The Potholes of Askola

A rocky slope in Askola named Kirnukallio features a set of cylindrical glacial potholes, called ”hiidenkirnuja” in Finnish. Twenty in all, they were ground into the bedrock face after the last ice age. This is the most extensive geological find of its kind in Finland to date.
The largest of the Askola potholes, named ”Jättiläisen kuhnepytty” (The Giant’s Tub) has a diameter of 4,2 m and is no less than 10,3 m deep.
The pothole array is located in the municipality of Askola, in the region of East Uusimaa, and is clearly marked by signposts along the Askola–Pukkila road (# 1635) .

On foot or by waterway

Access to Kirnukallio is by a footpath through the woods, starting out from the rest stop/parking lot on the Askola-Pukkila main road. The walk from here is about 500 m. There is also scenic path, about 300 m long and marked with red ribbons that skirts the crest of Kirnukallio and leads up to the entrance portal of the pothole area. The actual site is reached by a set of stairs with iron railings. The potholes in the rocky slope have their own nameplates and informative placards.

1. Riisipata 2. Professori Okko 3. Professori Asai 4. Mylly 5. Kattila 6. Kuppi 7. Jättiläisen kuhnepytty 8. Nojatuoli 9. Menninkäisen pesä 10. Vuorenhaltia 11. Vakka 12. Jäävaurio 13. Tonttu 14. Päärynä 15. Tulipunakukka 16. Kukkaro 17. Kohiseva 18. Koskenlaskija 19. Luiskahdus 20. Hiisi

Useful info

The pothole area is always open to visitors; however, there is no special wintertime maintenance.

An entrance fee is payable on location: either 2 € for adults and 1 € for children, or 4 € for families, or 10 € for school classes or other groups. This fee is collected to support the continuing upkeep and maintenance of the area by local volunteers.
The terrain in the area consists of natural forest paths and rocks. Regrettably, prams and pushchairs are impracticable here. The pothole site itself is on a steep, rocky incline, and a set of safe stairs has been constructed to facilitate viewing. Disclaimer: visitors enter the area at their own risk. 



The pothole area is a suitable choice for outings such as picnics. Note, however, that there is no provision for open fires - in fact, fire making is strictly prohibited. Please show your consideration for the environment while visiting.

The Askola Society and the Askola local museum

he Askola Society (Askola-Seura ry) is responsible for the upkeep of the pothole area. The Society is an organisation active in regional and cultural affairs, and also maintains the Askola local museum.

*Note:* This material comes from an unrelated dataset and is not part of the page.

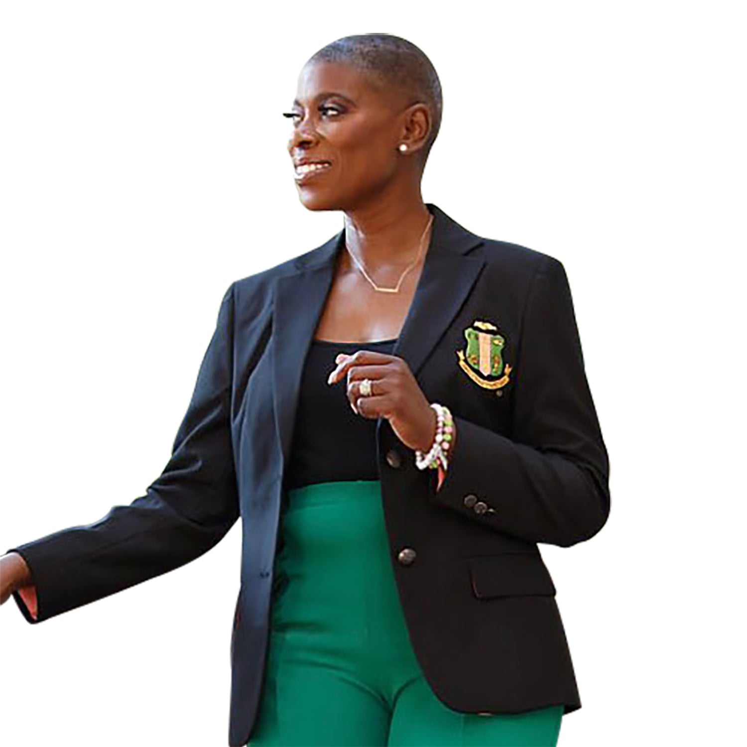 A refined take on timeless sorority style, this black two‑button blazer brings year‑round sophistication to any wardrobe. The smooth pink lining adds a soft, feminine finish, while the custom crest‑designed buttons and AKA Greek‑letter sleeve detail elevate the look with meaningful elegance.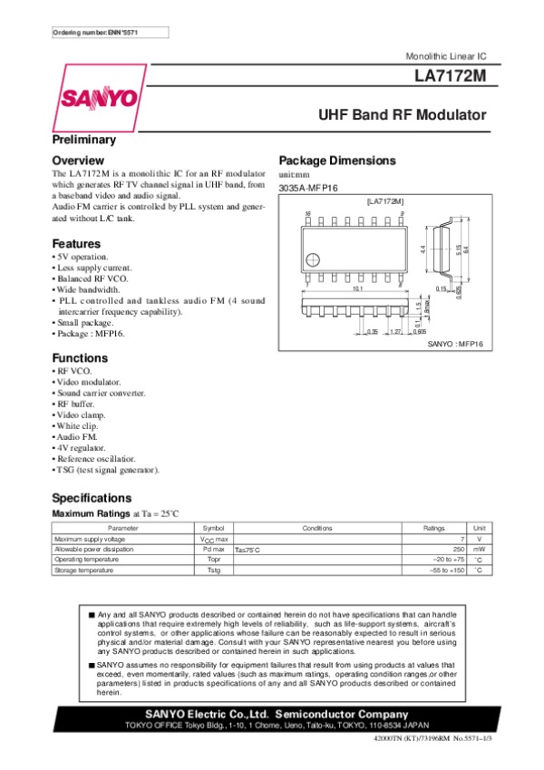 Datasheet LA7172M:

The museum is located in Askola parish village at the address Nalkkilantie 4 (about 8 km from the pothole area), and is open to the public in the summer season only. Hours are from 11 a.m. to 2 p.m. every Sunday, June through August (closed over Midsummer).

Background

The potholes were discovered one day in the summer of 1950, as Soini Järvelä of Askola and his son Jaakko were climbing up the steep Kirnukallio slope. Soini Järvelä happened to grab hold of a spruce sapling and pulled it out by the roots. This revealed a smooth cavity in the rock beneath, which turned out to be a pothole.

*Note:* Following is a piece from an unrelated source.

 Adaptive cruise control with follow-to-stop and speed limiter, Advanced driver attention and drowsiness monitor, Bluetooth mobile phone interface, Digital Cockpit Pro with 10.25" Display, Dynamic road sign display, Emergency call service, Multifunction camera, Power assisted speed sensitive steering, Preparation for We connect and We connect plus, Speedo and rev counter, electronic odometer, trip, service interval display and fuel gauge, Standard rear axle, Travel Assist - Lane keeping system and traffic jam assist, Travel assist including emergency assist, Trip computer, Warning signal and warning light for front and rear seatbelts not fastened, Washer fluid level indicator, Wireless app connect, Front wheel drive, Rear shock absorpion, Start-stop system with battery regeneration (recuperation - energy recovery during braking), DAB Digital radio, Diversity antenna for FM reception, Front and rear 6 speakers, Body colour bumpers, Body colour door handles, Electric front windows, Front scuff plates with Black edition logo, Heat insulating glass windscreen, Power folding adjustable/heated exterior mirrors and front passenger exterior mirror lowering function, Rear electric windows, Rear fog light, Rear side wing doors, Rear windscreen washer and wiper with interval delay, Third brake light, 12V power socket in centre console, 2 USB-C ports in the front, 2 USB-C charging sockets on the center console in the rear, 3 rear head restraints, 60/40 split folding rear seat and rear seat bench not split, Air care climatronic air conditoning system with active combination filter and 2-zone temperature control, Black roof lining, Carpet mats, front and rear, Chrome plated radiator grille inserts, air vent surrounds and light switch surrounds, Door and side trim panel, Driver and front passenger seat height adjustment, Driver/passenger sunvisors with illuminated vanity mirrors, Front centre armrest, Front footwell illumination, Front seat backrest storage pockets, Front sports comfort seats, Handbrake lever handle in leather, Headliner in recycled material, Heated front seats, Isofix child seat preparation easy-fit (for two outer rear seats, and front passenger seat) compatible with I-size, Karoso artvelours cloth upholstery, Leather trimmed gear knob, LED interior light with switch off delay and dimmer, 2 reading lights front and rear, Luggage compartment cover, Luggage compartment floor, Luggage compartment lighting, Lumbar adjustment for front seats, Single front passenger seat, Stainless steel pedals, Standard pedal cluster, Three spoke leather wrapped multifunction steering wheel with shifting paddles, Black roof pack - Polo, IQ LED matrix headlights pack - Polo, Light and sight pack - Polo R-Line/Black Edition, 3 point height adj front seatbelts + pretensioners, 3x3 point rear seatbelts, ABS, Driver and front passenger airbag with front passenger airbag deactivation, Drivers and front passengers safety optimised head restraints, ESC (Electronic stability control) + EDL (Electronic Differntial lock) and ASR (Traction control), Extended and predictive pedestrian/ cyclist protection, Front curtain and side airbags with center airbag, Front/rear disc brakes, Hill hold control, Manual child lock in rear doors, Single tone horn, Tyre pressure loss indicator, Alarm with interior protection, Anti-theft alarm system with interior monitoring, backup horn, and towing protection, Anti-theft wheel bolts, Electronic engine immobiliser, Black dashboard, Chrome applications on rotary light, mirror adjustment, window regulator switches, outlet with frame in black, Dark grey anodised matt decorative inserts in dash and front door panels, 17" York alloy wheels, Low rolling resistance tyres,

Many years later, in 1964, Jaakko Järvelä guided two interested visitors around the Kirnukallio site. They were the brothers Yrjö A. Jäntti and Lauri Jäntti, both captains of the publishing trade. Following this visit, the latter decided to make company funds available in order to finance the operation of excavating the holes.

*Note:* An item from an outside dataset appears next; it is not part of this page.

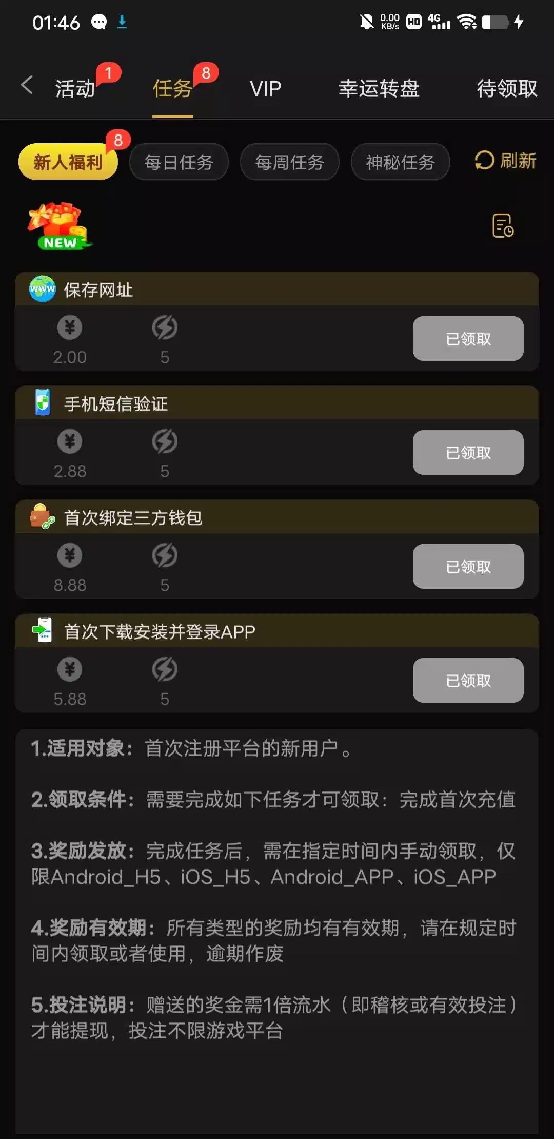 暂时不黑任务彩金要第二天才能领取,自己看 789.vip

The largest boulders had to be hoisted up with blocks and tackles. Many locals eagerly volunteered for the heavy restoration work, which was completed in the spring of 1965. An official inauguration ceremony was then held on Kirnukallio, whereby the giant cauldrons of Askola became a national attraction.

Pothole formation

According to the theory most accepted today, the potholes were formed at the end of the last ice age, more than 10 000 years ago, either in the ablation zone of the melting ice cap or in glacial crevasses into which meltwater flowed. This resulted in so-called moulins, shafts where detritus, rubble and boulders were swept along by the streaming water in a downward swirling motion. As they whirled round they ground a cavity into the rock, slowly expanding it with the passing of time. The process could take many hundreds of years.